--- EXERCISE DESCRIPTION ---
Reproduce the entire listing exactly. Leave the pictures out.

--- COLLECTED DATA ---

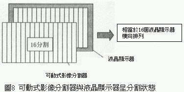 傳統(tǒng)的不需專用眼鏡的三維立體影像顯示器,同樣水平方向時小畫面的前后方向的立體可視范圍比大畫面的立體可視范圍大(圖7),這是因為小畫面的視角比較小,液晶顯示器與影像分割器較不容易產(chǎn)生所謂的moire干涉縞。利用這種物理現(xiàn)象將液晶顯示器與影像分割器,藉由電子方式分割成16等份各別掌控專屬區(qū)域(圖8)
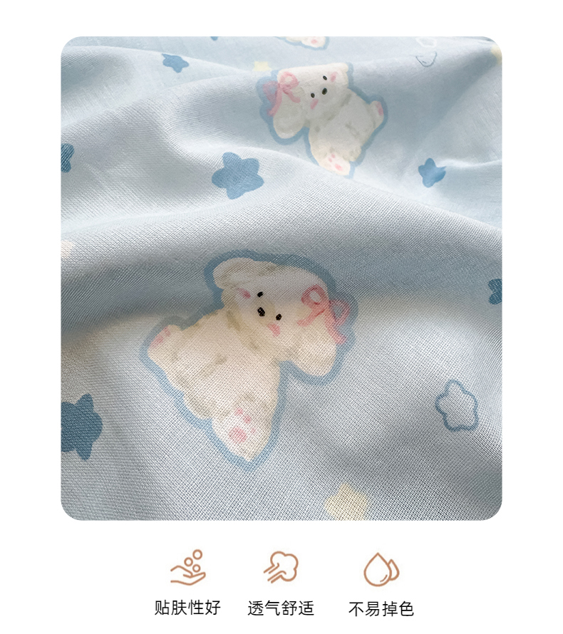 商品名称:曼之夏 2024新款全棉A类母婴级双层纱四件套 星星狗-兰
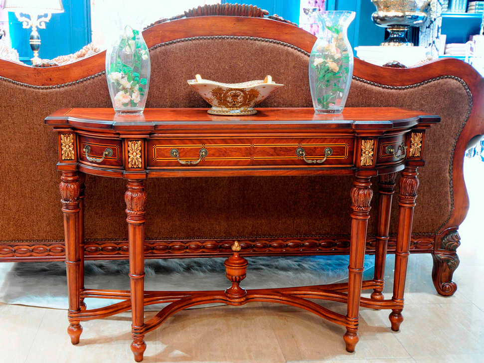 Предлагаем купить красивую, классическую консоль с ящиками, на длинных ножках из массива красного дерева от поставщика мебели премиум класса на заказ и в наличии в мебельном салоне. Реплика итальянской мебели. Цвет: орех, темная патина. Блеск поверхности - шелковистый. Исключительное качество производства на уровне лучших итальянских фабрик. Покраска под старину с патиной. Данная консоль идеально подходит для прихожей. Верхние ящики могут быть использованы для мелочей (ключи и др.). Резьба и декоративные элементы выделены бронзой. Консоль не требует сборки. Массив и шпон красного дерева, шпон экзотического бубинго (волны), маркетри. Продажа красивой классической мебели премиум класса из ценных пород дерева.

--- OUTPUT ---
 傳統(tǒng)的不需專用眼鏡的三維立體影像顯示器,同樣水平方向時小畫面的前后方向的立體可視范圍比大畫面的立體可視范圍大(圖7),這是因為小畫面的視角比較小,液晶顯示器與影像分割器較不容易產(chǎn)生所謂的moire干涉縞。利用這種物理現(xiàn)象將液晶顯示器與影像分割器,藉由電子方式分割成16等份各別掌控專屬區(qū)域(圖8)
 商品名称:曼之夏 2024新款全棉A类母婴级双层纱四件套 星星狗-兰
 Предлагаем купить красивую, классическую консоль с ящиками, на длинных ножках из массива красного дерева от поставщика мебели премиум класса на заказ и в наличии в мебельном салоне. Реплика итальянской мебели. Цвет: орех, темная патина. Блеск поверхности - шелковистый. Исключительное качество производства на уровне лучших итальянских фабрик. Покраска под старину с патиной. Данная консоль идеально подходит для прихожей. Верхние ящики могут быть использованы для мелочей (ключи и др.). Резьба и декоративные элементы выделены бронзой. Консоль не требует сборки. Массив и шпон красного дерева, шпон экзотического бубинго (волны), маркетри. Продажа красивой классической мебели премиум класса из ценных пород дерева.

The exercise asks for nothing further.